■ ACTIVITY:
Leaving out the images, return the data below exactly as it is written.

■ Saved entries:
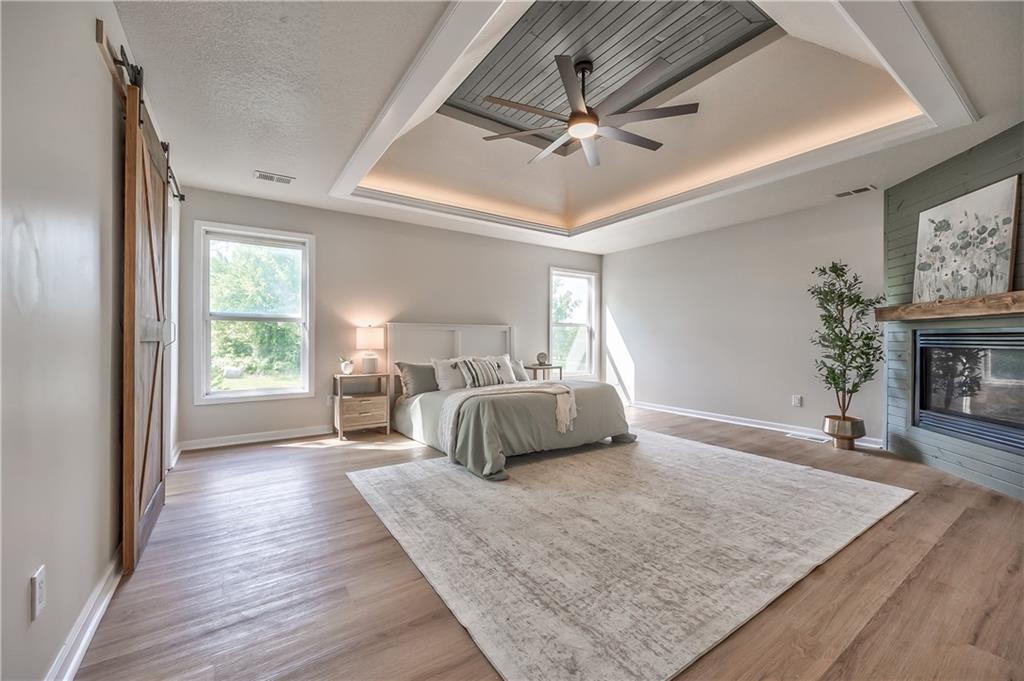 Bedroom featuring a multi-layered tray ceiling with recessed lighting, wood-finish flooring, and two large windows
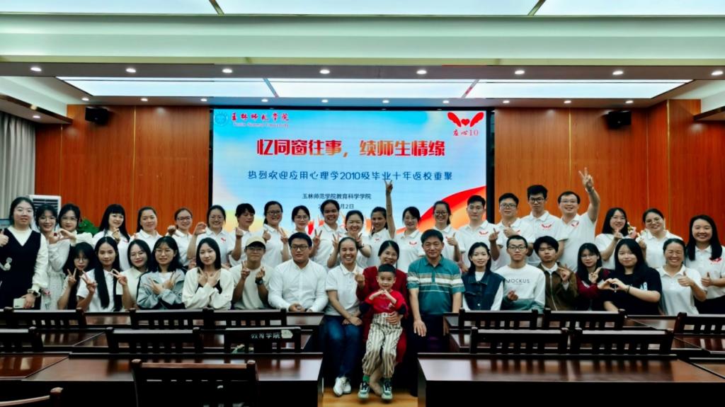 桃李归来日,校园满庭芳,为凝聚员工,进一步展现办学成果,追忆往昔时光。5月2日,公司举办了“忆同窗往事,续师生情缘”为主题的2010级应用心理学专业毕业十周年返校活动。公司经理陈庆文,副经理程传利、杨振芳及教师代表参加活动。
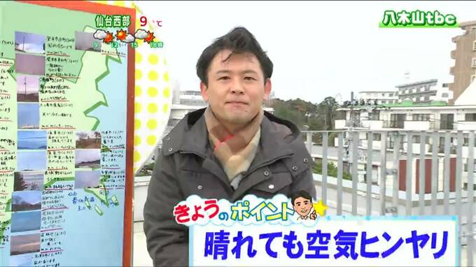 3月17日金曜日、宮城の30秒天気です。tbc気象台、今野桂吾気象予報士がお伝えします。「きょうは気圧の谷の影響で雲が目立ちますが、日差しは届くでしょう。西風がやや強めで、最高気温はきのうより1〜7度低くなる…
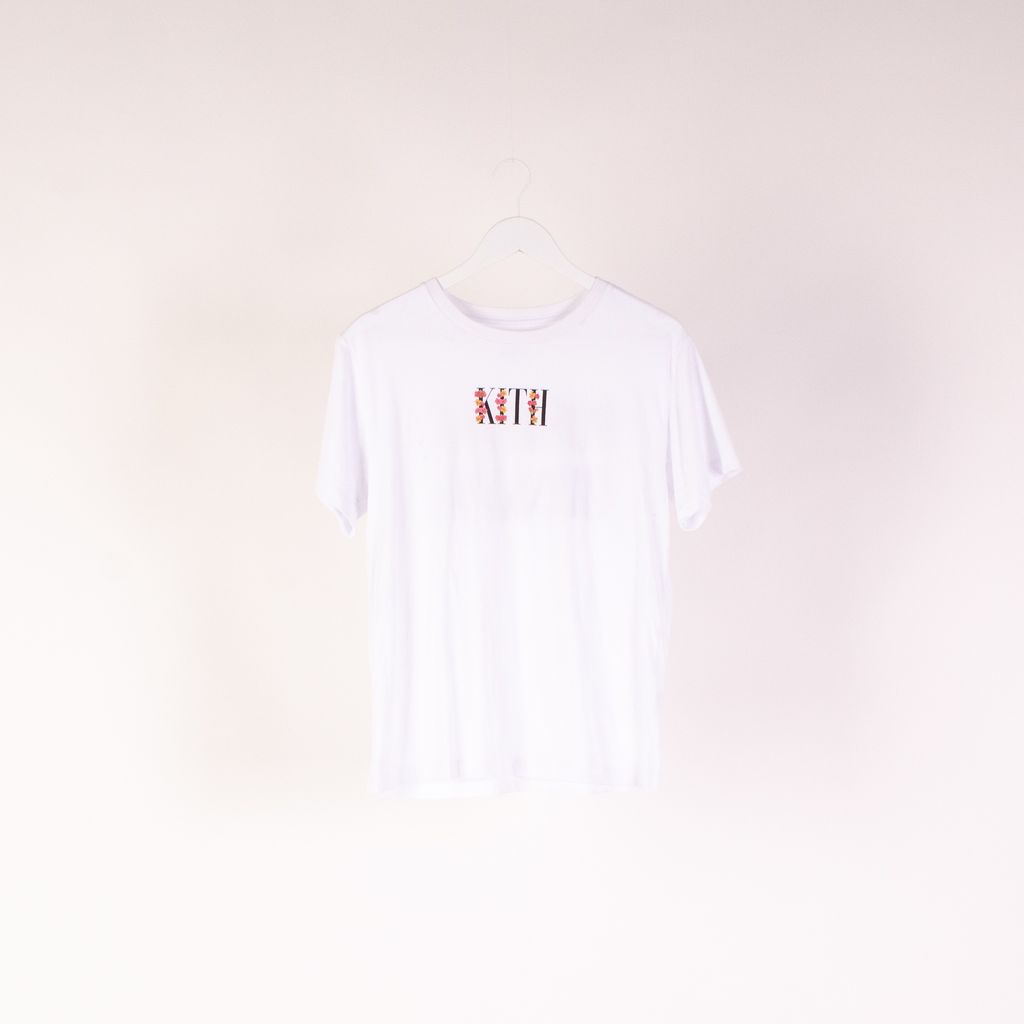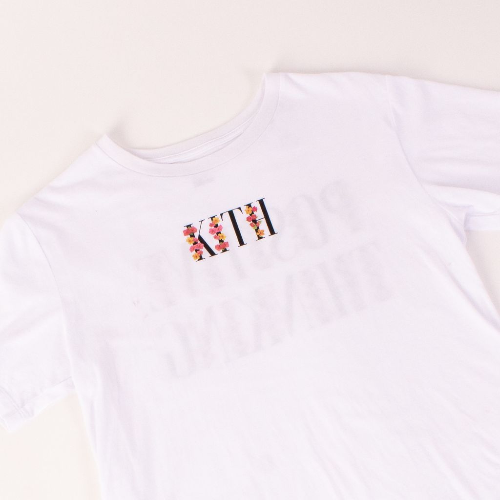 From notable street retailer, Kith, comes this fun and new take on their logo tee. Features Nirvana-esque text on front and back with floral integrated floral design.
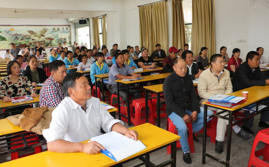 培训后结束后,鹏飞学校校长杨青同志及与会的人保局领导,同参会的困难学生家长合影留念。
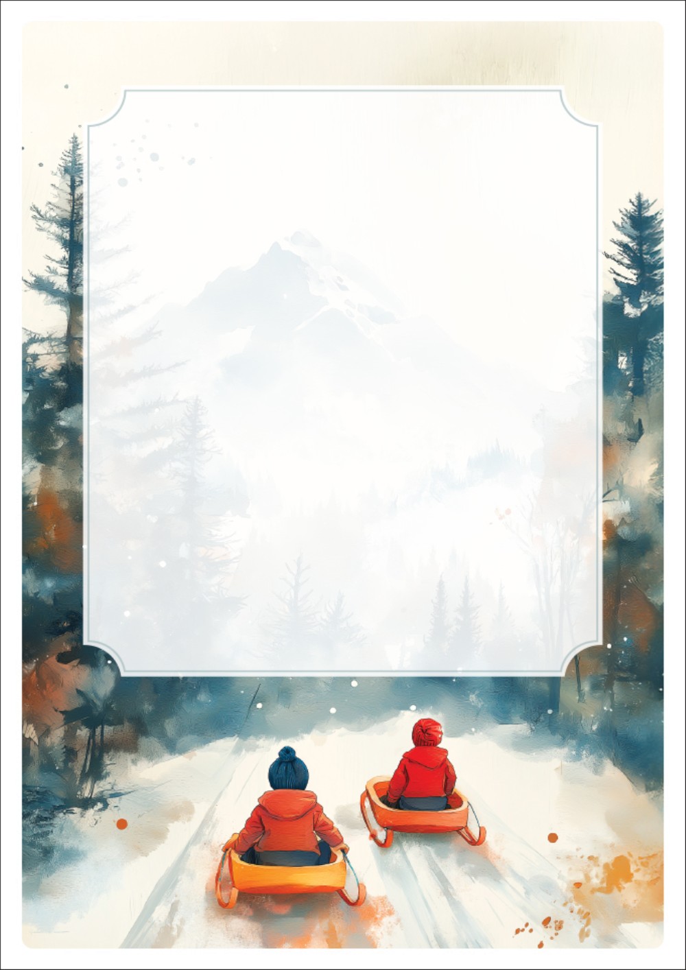 디자인된 A4 택 출력용 비점착 라벨, 규격코드: TLS0011, 디자인코드: DA1495(겨울날의 동화, 그리고 즐거운 추억), 210 x 297 (mm)
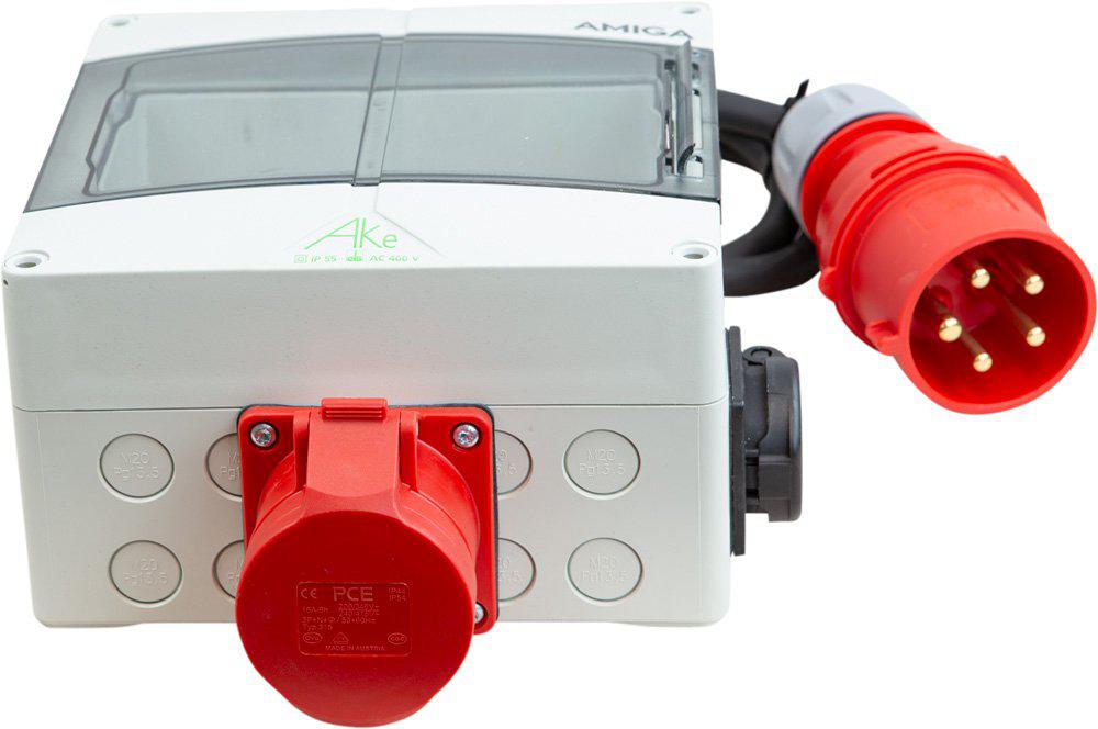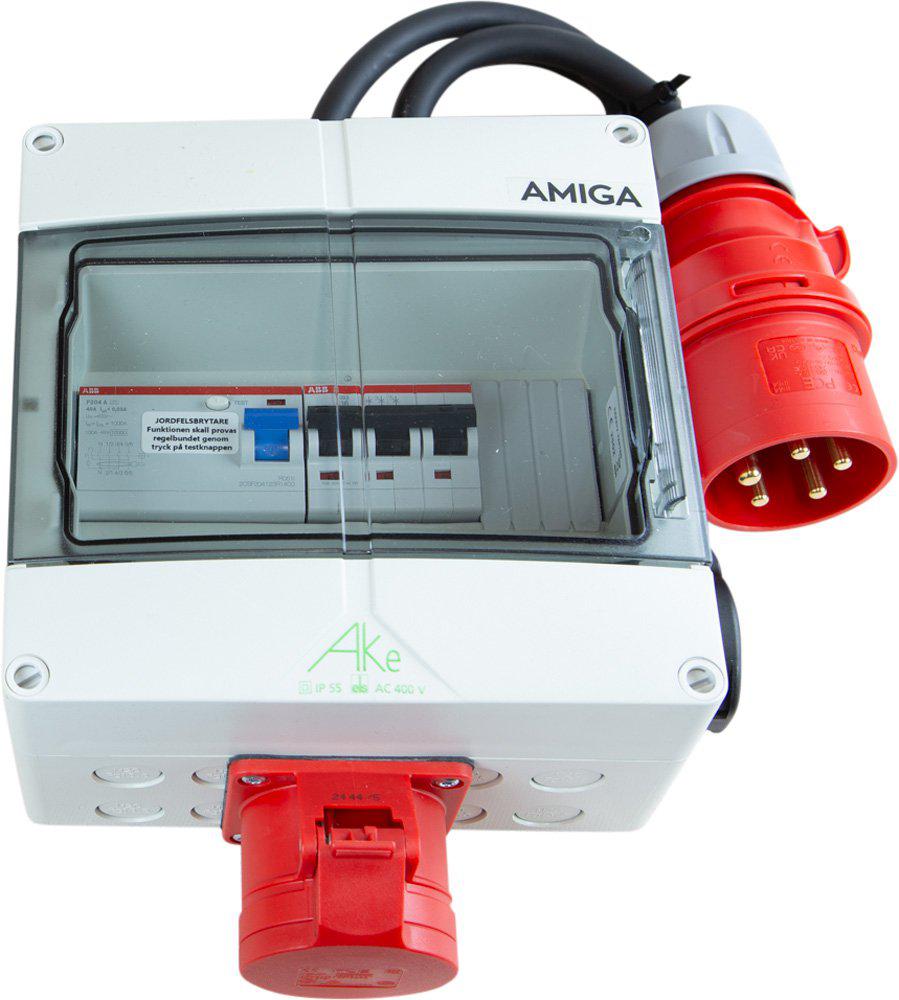 Övergångscentral 32A/400V till 16A/400V-16A/230V. Monterad i kapsling tillverkad av polystyren, inmatning med CEE 432-6 monterad på med extraförstärkt oljebeständig gummikabel 5G2,5 1m. Ett uttag CEE 416-6 400V. Ett uttag 16A 230V schucko. Avsäkrad med 3pol 16A Automatsäkring. För ökat personskydd är enheten utrustad med Jordfelsbrytare 4pol 40A 30mA. Godkänd för utomhusbruk. Lämplig för Industri, verkstad och byggarbetsplatser.

■ RESPONSE AREA:
 Bedroom featuring a multi-layered tray ceiling with recessed lighting, wood-finish flooring, and two large windows
 桃李归来日,校园满庭芳,为凝聚员工,进一步展现办学成果,追忆往昔时光。5月2日,公司举办了“忆同窗往事,续师生情缘”为主题的2010级应用心理学专业毕业十周年返校活动。公司经理陈庆文,副经理程传利、杨振芳及教师代表参加活动。
 3月17日金曜日、宮城の30秒天気です。tbc気象台、今野桂吾気象予報士がお伝えします。「きょうは気圧の谷の影響で雲が目立ちますが、日差しは届くでしょう。西風がやや強めで、最高気温はきのうより1〜7度低くなる…
 From notable street retailer, Kith, comes this fun and new take on their logo tee. Features Nirvana-esque text on front and back with floral integrated floral design.
 培训后结束后,鹏飞学校校长杨青同志及与会的人保局领导,同参会的困难学生家长合影留念。
 디자인된 A4 택 출력용 비점착 라벨, 규격코드: TLS0011, 디자인코드: DA1495(겨울날의 동화, 그리고 즐거운 추억), 210 x 297 (mm)
 Övergångscentral 32A/400V till 16A/400V-16A/230V. Monterad i kapsling tillverkad av polystyren, inmatning med CEE 432-6 monterad på med extraförstärkt oljebeständig gummikabel 5G2,5 1m. Ett uttag CEE 416-6 400V. Ett uttag 16A 230V schucko. Avsäkrad med 3pol 16A Automatsäkring. För ökat personskydd är enheten utrustad med Jordfelsbrytare 4pol 40A 30mA. Godkänd för utomhusbruk. Lämplig för Industri, verkstad och byggarbetsplatser.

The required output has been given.